GF Harvest and Mother’s Hemp Farms have been among the state’s pioneers in the fledgling hemp industry, with owner Dale Tenhulzen hoping to become the state’s largest hemp processor. However, earlier this month, Tenhulzen ran into trouble with the Securities and Exchange Commission in connection with another one of his businesses, the Live Wealthy Institute. The SEC says Tenhulzen sold unregistered securities and without the appropriate license.
GF Harvest and Mother’s Hemp Farms have been among the state’s pioneers in the fledgling hemp industry, with owner Dale Tenhulzen hoping to become the state’s largest hemp processor. However, earlier this month, Tenhulzen ran into trouble with the Securities and Exchange Commission in connection with another one of his businesses, the Live Wealthy Institute. The SEC says Tenhulzen sold unregistered securities and without the appropriate license.
Tribune file photo by Mark Davis
Posted

A local business owner has been charged with selling unregistered securities and acting as an unregistered broker after raising millions of dollars for what federal authorities say was a “massive Ponzi scheme.”

Dale Tenhulzen is the CEO and president of Mother’s Hemp Farms — which is growing hemp outside of Powell and near Deaver — and the CEO of Gluten Free Oats, a Powell company he purchased earlier this spring. However, the civil charges filed by the Securities and Exchange Commission (SEC) this month relate to Tenhulzen’s work with his Live Wealthy Institute.

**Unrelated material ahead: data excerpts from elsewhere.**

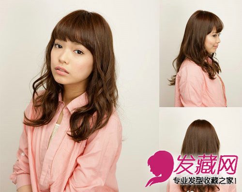 斜刘海稀薄长卷发发型 修颜刘海包别大饼脸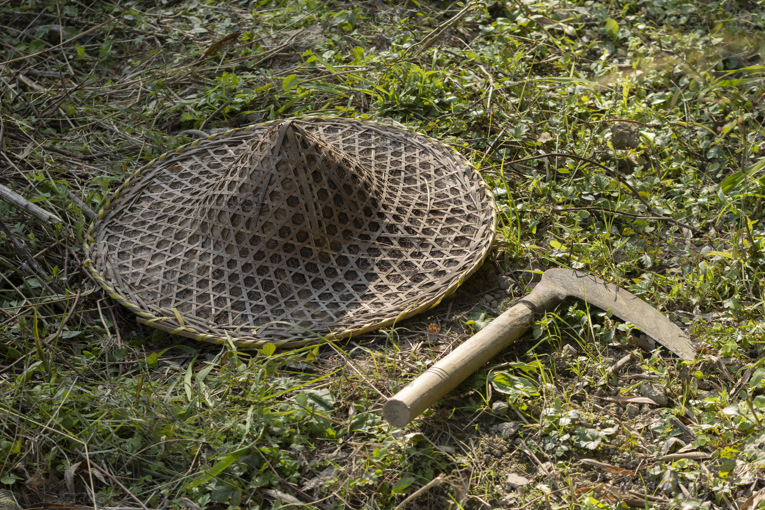 草地上的竹編斗笠與生銹鐮刀農(nóng)具靜物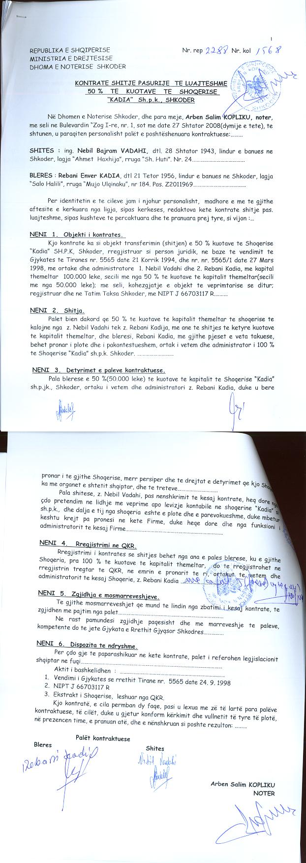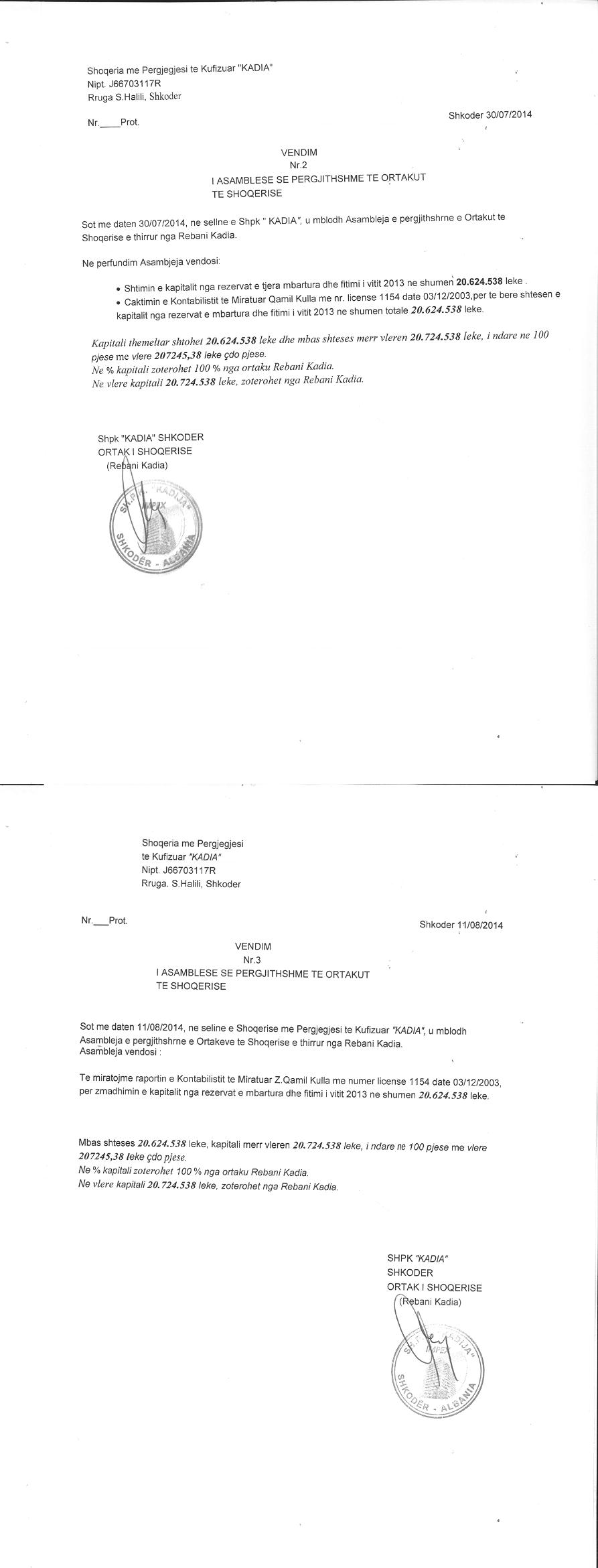 → Ekstrakt historik i regjistrit tregtar 31.05.2021 → Akti i themelimit dhe statuti → Kontrate shitje 26.03.1998 → Kontrate shitje te pasurive te luajtshme 27.09.2008 → Vendim i asamblese se ortakeve per shtimin e kapitalit 30.07.2014 → Ekstrakt historik i regjistrit tregtar date 28.11.2025 |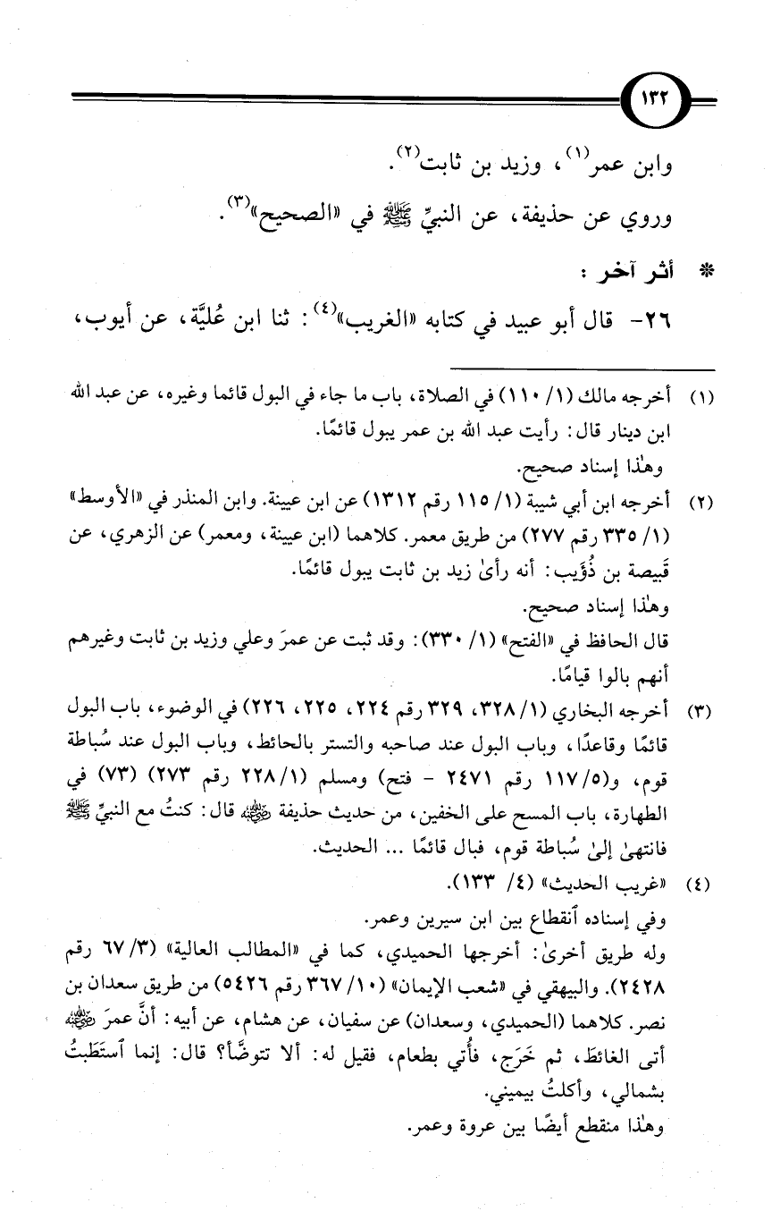 (¬2) أخرجه ابن أبي شيبة (1/ 115 رقم 1312) عن ابن عيينة. وابن المنذر في «الأوسط» (1/ 335 رقم 277) من طريق معمر. كلاهما (ابن عيينة، ومعمر) عن الزهري، عن قَبيصة بن ذُؤَيب: أنه رأى زيد بن ثابت يبول قائمًا.

The SEC says that, between April 2015 and September 2019, Tenhulzen and Live Wealthy Institute offered and sold interests in several real estate investment funds managed by EquiAlt, LLC.

The Florida-based real estate firm told investors that it was using their money to buy up distressed and undervalued properties, which would then be flipped at a healthy profit. However, the SEC says less than half of the $170 million raised from more than 1,100 investors actually went toward properties. Federal regulators allege that millions of dollars supported the lavish spending of two men at the top of EquiAlt. Additionally, money from one fund was used to make Ponzi-like payments to earlier investors, the SEC says. At the request of the commission, a federal judge in Florida halted all of EquiAlt’s operations in February and appointed a receiver to manage the company’s assets.

There is no indication or allegation that Tenhulzen, 61, was aware of anything untoward at EquiAlt. Allan Lerner, a Ft. Lauderdale, Florida, attorney who’s representing Tenhulzen, noted that the SEC’s complaint against his client is not based on fraud or deceptive conduct. The SEC allegations are simply that Tenhulzen and his LLC acted as unregistered brokers and sold unregistered securities for EquiAlt, though the commission says he was one of the company’s best sales agents.

According to the SEC’s complaint, Tenhulzen sold approximately $15 million of EquiAlt’s unregistered securities to more than 60 retail investors, receiving about $1.5 million in commissions and bonuses.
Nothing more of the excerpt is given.